WORK TASK ▸
In the listing below, find the line with "<보기>와 같은 브리지" and copy every line from there up to and including the line with "The day passed", exactly and without pictures.

SOURCE DATA ▸
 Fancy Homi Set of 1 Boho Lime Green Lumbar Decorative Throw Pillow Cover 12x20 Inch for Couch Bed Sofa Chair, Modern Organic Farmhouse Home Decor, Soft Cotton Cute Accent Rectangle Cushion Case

==

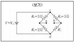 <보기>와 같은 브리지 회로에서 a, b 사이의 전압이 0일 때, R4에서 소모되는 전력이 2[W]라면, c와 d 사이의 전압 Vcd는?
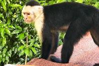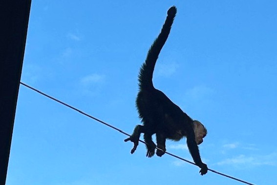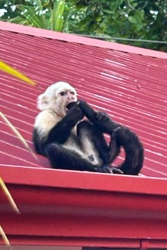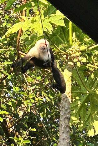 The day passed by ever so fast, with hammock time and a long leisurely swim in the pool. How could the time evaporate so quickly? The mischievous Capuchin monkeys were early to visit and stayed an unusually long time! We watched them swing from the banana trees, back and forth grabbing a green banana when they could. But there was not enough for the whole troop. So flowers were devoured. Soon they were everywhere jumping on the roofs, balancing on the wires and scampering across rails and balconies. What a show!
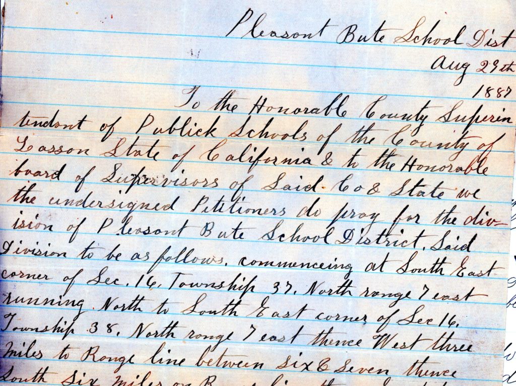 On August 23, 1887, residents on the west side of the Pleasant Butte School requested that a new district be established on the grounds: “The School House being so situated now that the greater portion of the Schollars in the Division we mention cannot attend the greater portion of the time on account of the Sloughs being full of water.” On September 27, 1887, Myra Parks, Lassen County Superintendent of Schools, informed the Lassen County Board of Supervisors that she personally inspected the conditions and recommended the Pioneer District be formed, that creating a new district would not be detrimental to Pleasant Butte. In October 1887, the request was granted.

TASK SOLUTION ▸
 <보기>와 같은 브리지 회로에서 a, b 사이의 전압이 0일 때, R4에서 소모되는 전력이 2[W]라면, c와 d 사이의 전압 Vcd는?
 The day passed by ever so fast, with hammock time and a long leisurely swim in the pool. How could the time evaporate so quickly? The mischievous Capuchin monkeys were early to visit and stayed an unusually long time! We watched them swing from the banana trees, back and forth grabbing a green banana when they could. But there was not enough for the whole troop. So flowers were devoured. Soon they were everywhere jumping on the roofs, balancing on the wires and scampering across rails and balconies. What a show!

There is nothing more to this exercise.